A share purchase agreement defines the operation of the investment and specifies that a share subscription contract would be necessary if the company wants to raise funds and in particular by issuing shares, by not diluting the share of the owners. He uses that money for his own purposes. Normally, the founders of the company use their own money at the beginning of the business, but ultimately, the founders must look for money from angel investors or friends or strangers who must be spent in exchange for shares for the investment. When one of the founders sells his shares, a share purchase agreement is executed to record the transfer between the founders of the sale and the incoming investor. In such cases, the consideration is paid to the founders and that part of the money is not invested in the company. But if the company is not willing to dilute the already held stake of investors and founders, then a SSA is preferred. Preference is also given in the early stages when the founders do not want to sell their shares so early. Upon completion of this agreement, the person who subscribes to the shares becomes the shareholder of the company. This can be done to raise capital either through the public offering or through private placement. An equity subscription agreement is in fact an agreement in which the agreement is reached between the company and the investor, which involves the acquisition of ownership of the company through the issuance of new shares. The acquisition of a business may involve either the acquisition of existing securities or the issuance of new shares.

Acquisition by acquisition of securities is called a „share purchase agreement“ and the acquisition by issue of new shares is called a „share purchase agreement.“ As part of the Share Subscription Agreement (SSA), the company intends to issue new shares so that the founders do not dilute their ownership. It is actually a promise from a potential shareholder to pay money to a company in exchange for a certain number of shares at a certain price. A share exchange agreement must include the number of shares issued by the shareholder, as well as the order and manner in which the funds are advanced. Sometimes the SSA better defines the provisions of a terminology sheet. The dilution rights provide for an adjustment of the investor`s interest when new shares are issued to third parties with a lower valuation than the investor has invested in. They will only be triggered when the company`s valuation has fallen during a subsequent funding cycle, called a down-round. Let`s understand that by an example. Consider a company that holds a total of 500 issued shares of the face value of Rs.10. Of the 500 shares, one investor subscribed 100 shares at 60 Rs. per share and valued the company`s shares with 500x 60 – Rs 30,000. When your startup takes over, you`ll need a number of documents before the money falls into your corporate bank account.
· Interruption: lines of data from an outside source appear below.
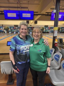 Rose Hudson, Pasco WA won the WA State Senior Queens. This is a back to back win for Rose! She beat Deb Lee from Canada 439-356. Deb came up the stepladder defeating April Lord-Wittig 310-305, then Cheryl Gould 355-325.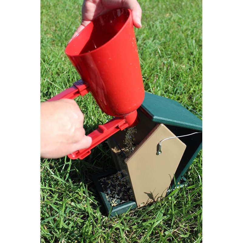 - Funnel Shape Fits Any Seed and Fills Any Feeder. Hold Your Feeder with One Hand While Holding the Scoop with the Other.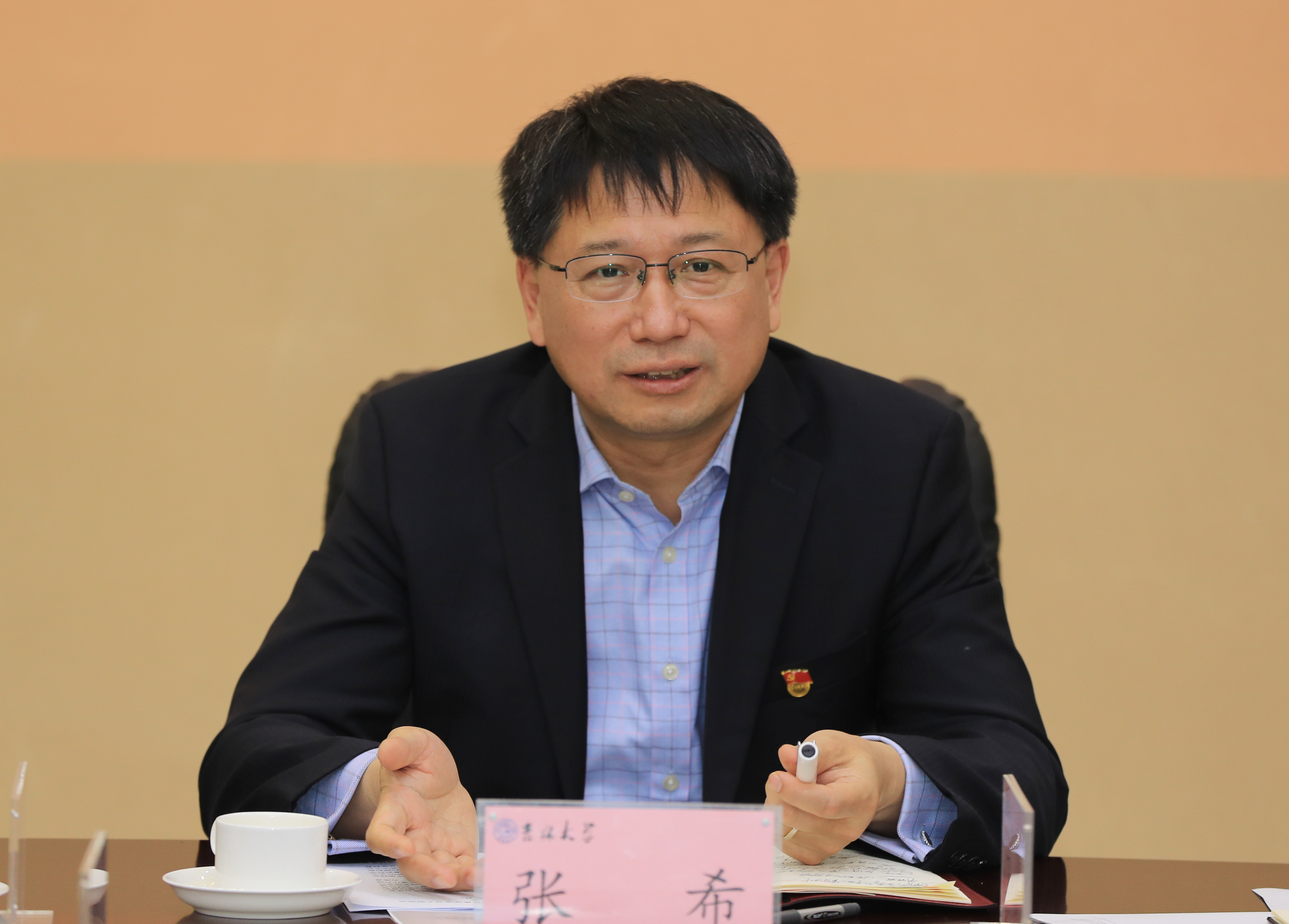 张希指出,习近平总书记在清华大学考察时的重要讲话是一篇指导新时代高等教育改革发展的纲领性文献,深刻揭示了新时代高等教育的历史使命,要求我们坚持中国特色世界一流大学建设目标方向,坚持把立德树人作为根本任务,把服务国家作为最高追求,把学科建设作为发展根基,把深化改革作为强大动力,把加强党的建设作为坚强保证,为党育人、为国育才。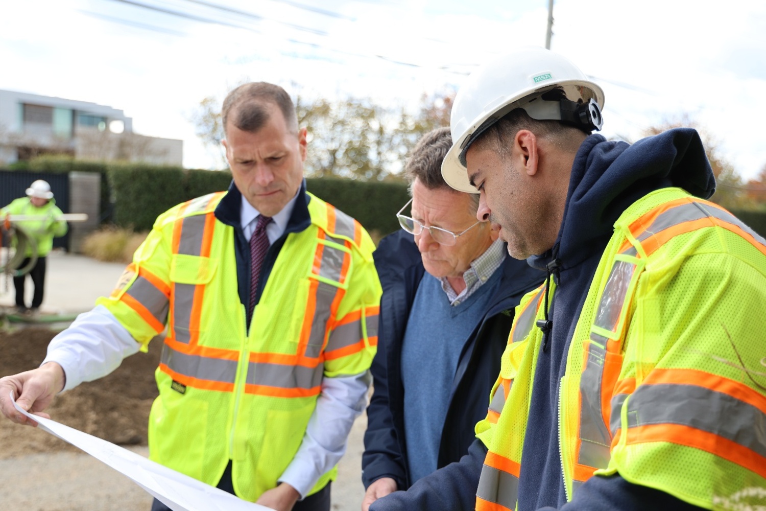 SCWA Chief Executive Officer Jeff Szabo, left, and Quoque Mayor Robert Treuhold review water main replacement work with SCWA Supervisor Anthony D’Angelo, right, on Dune Road in Quogue. COURTESY SUFFOLK COUNTY WATER AUTHORITY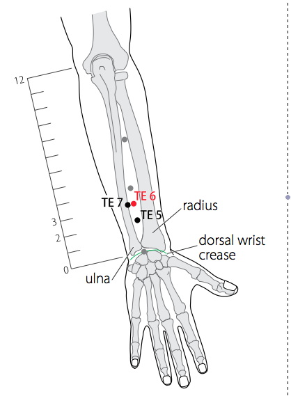 - WHO 2009 : On the posterior aspect of the forearm, midpoint of the interosseous space between the radius and the ulna, 3 B-cun proximal to the dorsal wrist crease. Note: 1 B-cun proximal to TE5, between the radius and the ulna, at the same level as tE7.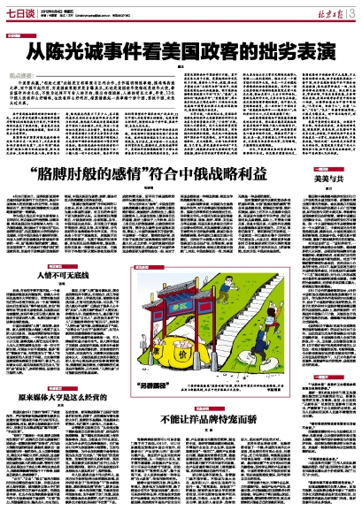 今天,中美两国关系的重要性怎么强调都不为过。但充满矛盾意味的是,美国政客动不动就会有不太成熟、不太体面的举动出现,似乎总想找茬敲打一番中国,似乎总想给前进中的中国社会找些麻烦,陈光诚事件就是一例,而这样的举动在明眼人看来,既无聊又拙劣。事实证明,中美关系要发展,主要障碍在美国。美国必须学会尊重中国的核心利益,必须学会适应与中国平等相处。“己所不欲、勿施于人”,打着“人权”、“自由”、“民主”等旗号制造事端,只能是自曝其丑,对中国不起作用,对美国自己更没好处。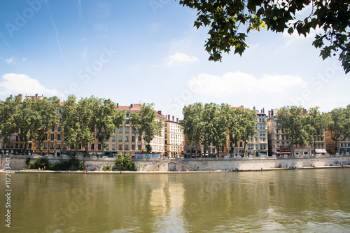 © waldorf27, Naklejka premium Colorful houses on the banks of the Saone river in Lyon, France

An equity subscriber is a document you may need. While not all increases require this agreement, it is important that the founders know when it is necessary (and not) necessary to have one. Share subscription contracts can vary considerably depending on the needs of the parties and the types of shares that are underwritten, however, common clauses: Share subscription agreement is an agreement that is issued between the company and the subscriber of the new shares by the company. If a company wants to issue new shares of the company, they go for a share subscription contract. The most important point that we need to consider in the discussion of the share exchange contract is that when a company issues new shares, it can lead to a dilution of the share of shares already held by shareholders. When a new investor intends to invest, the company may issue shares at the same valuation or higher valuation, subject to the agreement of the existing investor for the issuance of new shares and for any waiver of their pre-emption rights.